If you freeze the video, you can read the identifications and their data points. The colors of the bounding boxes help identify object types even when they are distant: red equals vehicles, yellow equals pedestrians, and blue equals motorcycles or bikes. The software has an extensive library of recognizable objects, but it isn’t perfect. Green points out some interesting hits and some false positives in his posting. Traffic cones are recognized as shaping the driveable space, but a container on the side is mistaken for a vehicle and a pedestrian in a red jacket isn’t detected at all.
Posting on electrek.co (a news site tracking the transition to electric vehicles), editor Fred Lambert said of the video, “It’s not perfect, but it’s the best we have now. Hopefully, Tesla and those other companies become more open about the development of their autonomous driving systems. I think it would go a long way in making people better understand the systems and their limitations.”

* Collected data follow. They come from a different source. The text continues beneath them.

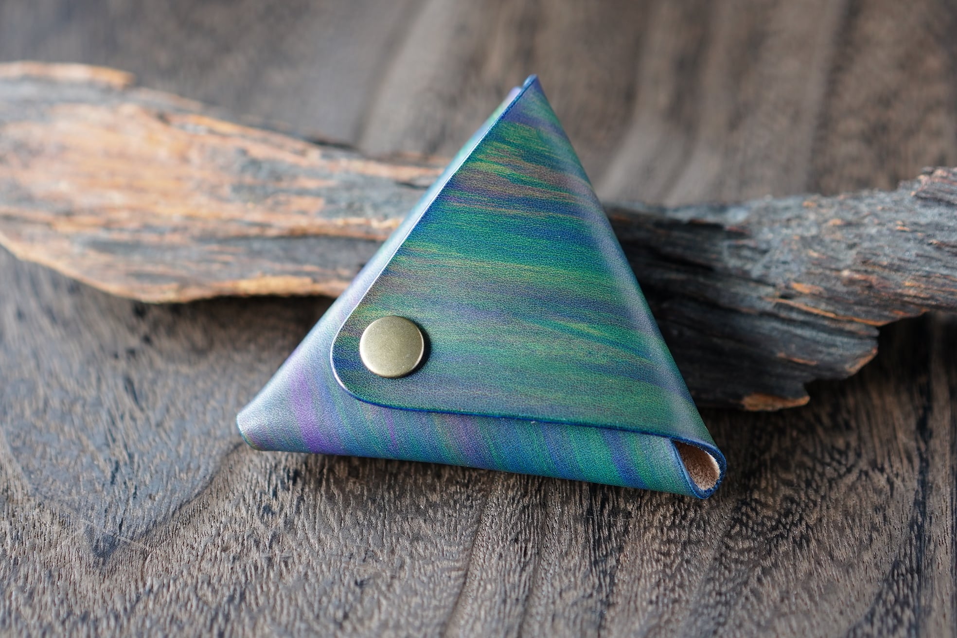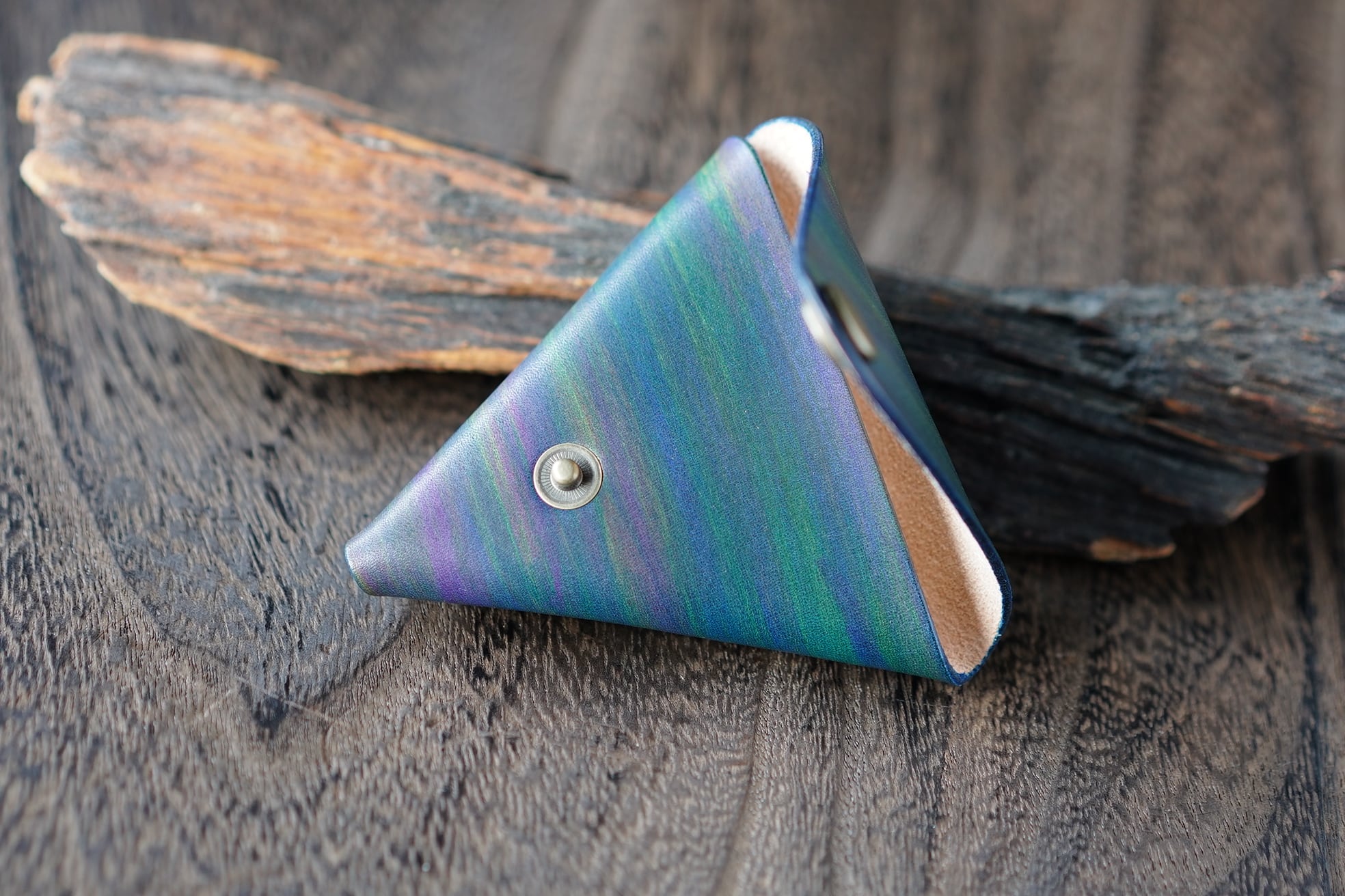 ヌメ革に地球をイメージして手染めしたコインケースです。
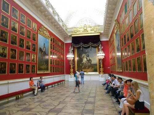 Alguns ambientes do Museu Hermitage preservam de forma muito clara a ideia de representação imperial, com grandes galerias, retratos, símbolos de poder e salões usados para marcar a solenidade da antiga corte russa. Esses espaços ajudam a compreender o museu não apenas como um local de exposições, mas também como parte viva da memória política e cerimonial do império.
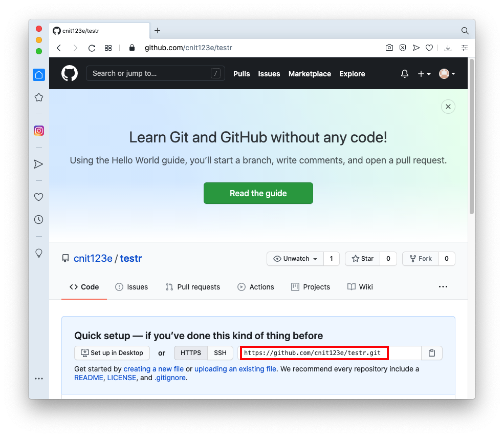 The next page shows the URL of your repository, outlined in red in the image below. Copy this URL to the clipboard.
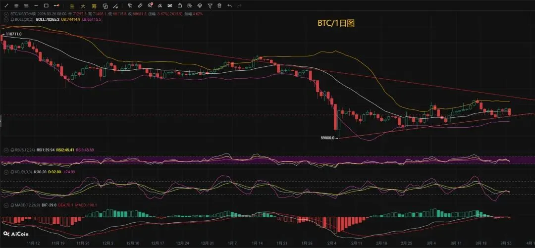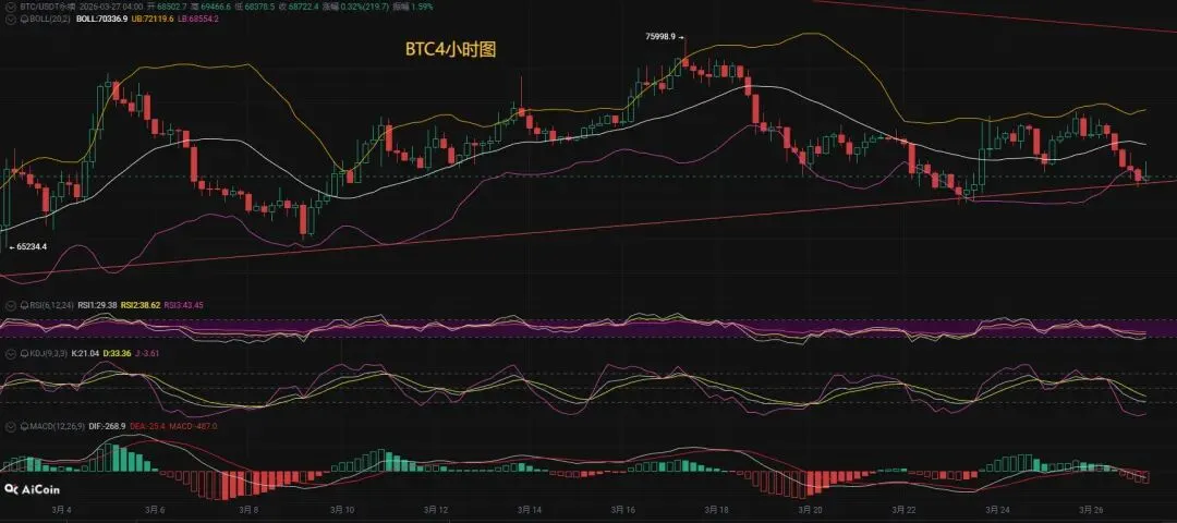 大饼四小时级别走势已明确跌破收敛三角形下轨69000关键支撑位,向下破位形态得到有效确认,短期行情变盘方向彻底转向空头,当前价格持续承压于MA20、MA30双重均线上方,短期均线组逐步形成空头排列格局,多头反弹动能被全面压制,MACD指标形成死叉后持续运行于零轴下方,空头能量柱稳步放量,DIF与DEA双线同步向下发散,空头势能保持充足态势,布林带轨道呈现开口向下的运行特征,价格紧贴下轨弱势下行,整体下跌趋势清晰明朗,上方70000整数关口构成短期核心压制位,该位置既是前期震荡整理中枢,亦是均线密集压制区域,反弹难以突破则难改弱势格局,下方68000为短期第一关键支撑位,此位置得失将直接决定后续下行空间能否进一步打开,同步联动的以太走势亦跟随大饼走弱,四小时级别同样维持弱势下行节奏,承压于短期均线压制,各项技术指标均释放空头信号,整体市场处于空头主导阶段,短线需紧盯关键支撑与阻力位的突破情况,切勿盲目抄底,静待明确企稳信号再做后续布局考量。

What is clear from the video is that compared to humans, the Autopilot is far more comprehensive in what it sees and hears, and it’s relentlessly attentive. After a few minutes, did you find yourself checking out the monuments and architecture of the historic city? We also have a proclivity toward something called DWAM (driving without attention mode), during which “the driver performs in a state in which he has no active attention for the driving task and performs on ‘autopilot’,” according to the European Commission—Mobility and Transport. That’s a very different kind of autopilot.
WHAT A HUMAN SEES
For a different perspective of the new Tesla Autopilot 9.0, several videos have been posted by Jasper Nuyens’s including this interior/exterior view of a Tesla running the latest version of the Autopilot software. Shot on a highway in the Netherlands, this clip shows the lane-changing options on Autopilot. There are several of these clips by Nuyens on YouTube, and although the video quality on this one isn’t stellar, he does explain more about the system and how it reacts to his commands along with its own autonomous systems.
Video: YouTube Jasper Nuyens
The Tesla and numerous other cars are at various stages, but many are close or actually have achieved level-5 full autonomous driving stage. But none are ready yet for commercial distribution.
Image: National Highway Traffic Safety Administraton
The next dimensions to be tackled are systems that will allow autonomous cars to communicate information to other autonomous vehicles in the vicinity to protect all from each other, and the changes in roadway design to help maximize these kinds of vehicles.